Brad,
You are making GREAT progress! Keep up the good work!
First off, my advice is nothing more then what I have read and understood form this board and a few other boards. A few experts also set me straight a while back.
Running on the edge of knock is where max engine output occurs. It is also a "Tango with the knock devil", a VERY fine balancing act on the music between the "instruments" of Octane, Timing, Intake Charge air temperature, Heat , Air Flow, Pressure drop, Air Velocity, and Fuel delivery. Without a scan tool, the dance may be short lived as one instrument may be playing the wrong music for this "tango". A scan tool will indicate what instrument is off.

Don't get discouraged, there a few things you can do and stay a few steps away from the dance floor.
As you stated previously, the Xylene (although effective to a point) is cost prohibitive and not the most productive way to stay out of the knock.
There are a few simplified options to reduce your knock with some suggestions listed below for resolution. This is NOT a concrete listing but should be a good start. Hopefully, the experts on this board will add to this, or provide better insight.

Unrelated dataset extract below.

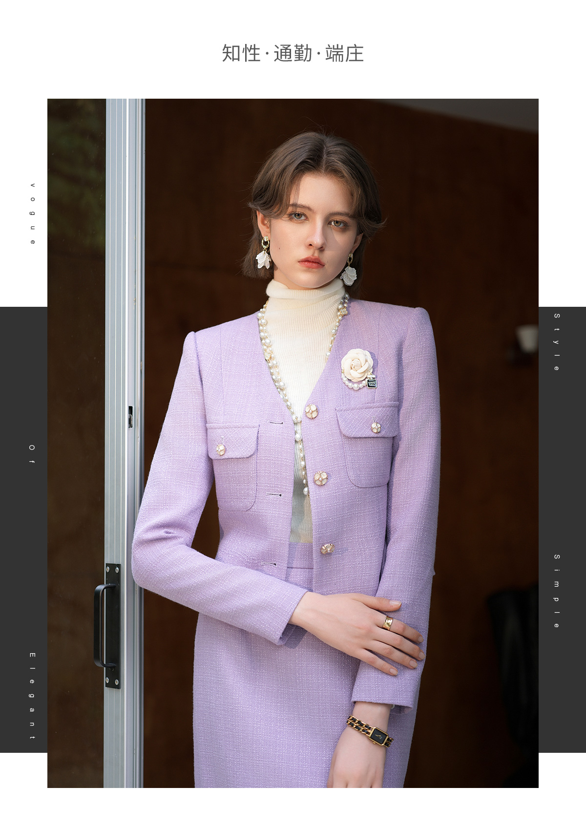 AD紫色小香风套装2024新款女装秋季高端女神范贵妇名媛两件套裙
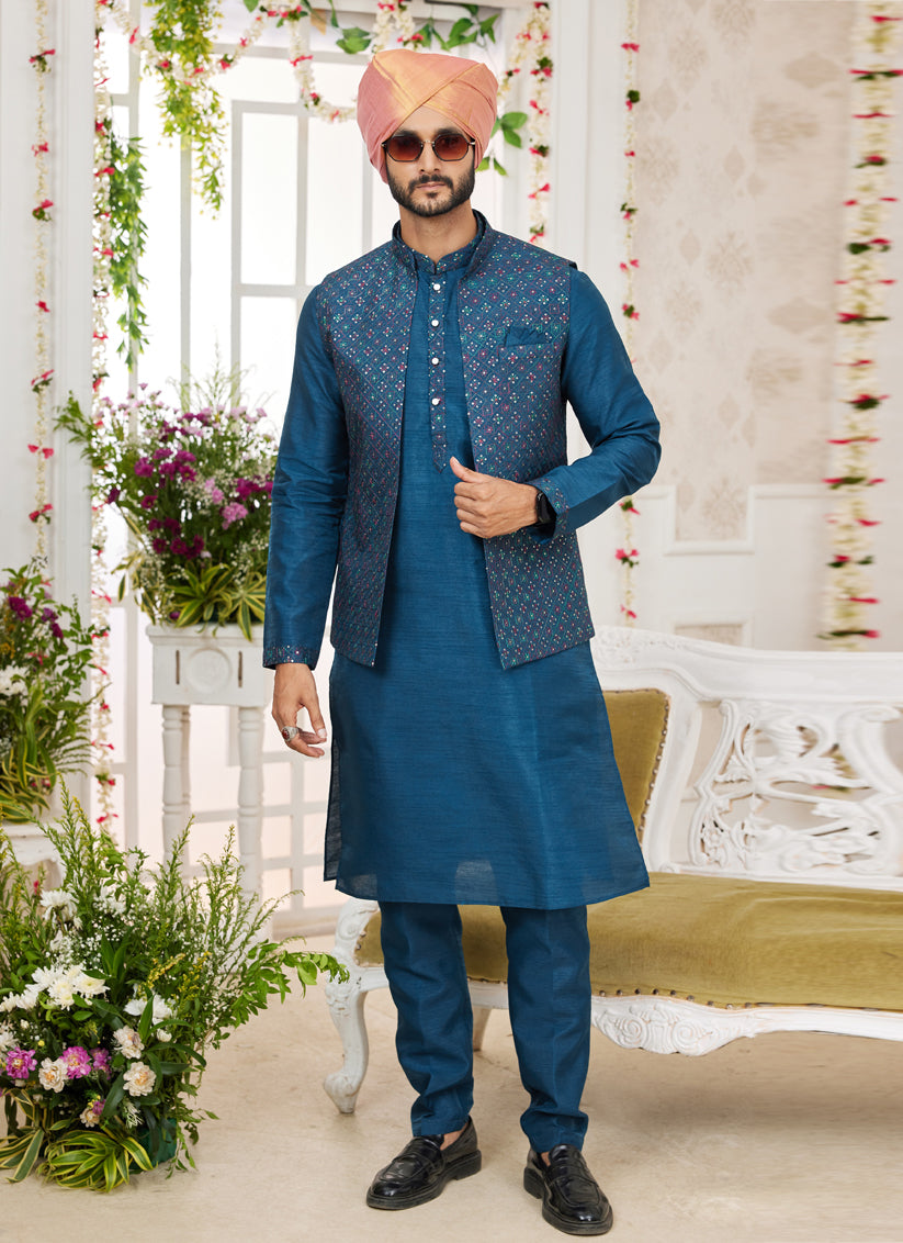Peacock Blue Art Banarasi Silk Mens Kurta Pajama Set With Jacket

Reduce the boost - Adjust the WG rod. The lower the boost, the less combustion heat (lower compression), and the less chance of knock for a given octane rating and timing (All other factors being equal)
Reduce the timing - Review the Ultra chip documentation and run a setting with the lowest timing. I belief this to be setting #4. Ultimately, a custom chip, but not needed! You have all the programs you need for now. (It will be hard to find a programmer for the Hot Air ECM.) As I was told by "Turbo Riviera" and "Slow_85" - "You are giving yourself a steep hill to climb".
Increase octane - Xylene, or race gas are great for testing and/or racing but this is a cost prohibitive option for the daily driver. The higher the octane, the more heat (Boost) and timing you can run without knock. You also know that the "Stuff" (Insert your choice words) in the little bottles do not work.
Cool the intake charge in the manifold - Methanol / Alky / Water injection, or, intercool. I realize you are staying "Hot Air", so the intercooler is out. The cooler the charge before igniting it, the more timing you can run. Most run Methanol and there are a few kits available on the market.
Get the turbo in it's efficiency range - I belief the stock Hot Air turbo max pressure/efficiency is around 15 PSI (?). I belief intake temps can reach 350 - 450F around the 20 PSI range! Clearly an issue!
Increase the turbo size - A bigger turbo will also reduce the intake temps as there will be much less heat for the same boost pressure due to increased flow at a given demand. You need boost AND flow. (Then is are spool issues and larger injectors, etc).
Increase fuel delivery - Increase your fuel pressure 1 PSI at a time and check for knock. Be careful as there is such a thing as rich knock! Keep track of outside temps and humidity. One can get REAL scientific with this but not needed. (O2 readings and/or EGT should give a good idea where you are at)
There are also other ways to reduce heat and increase flow through intake porting and exhaust system mods. As stated in the beginning, this is not a concrete list but is intended as a good starting point.
Again, hope this gives some insight. Keep up the good work!!
PS;
If your engine is burning any oil, you will have issues. Oil GREATLY REDUCES the net octane of your fuel and you are aware by now how BIG the effect of 3 octane points is in a given range.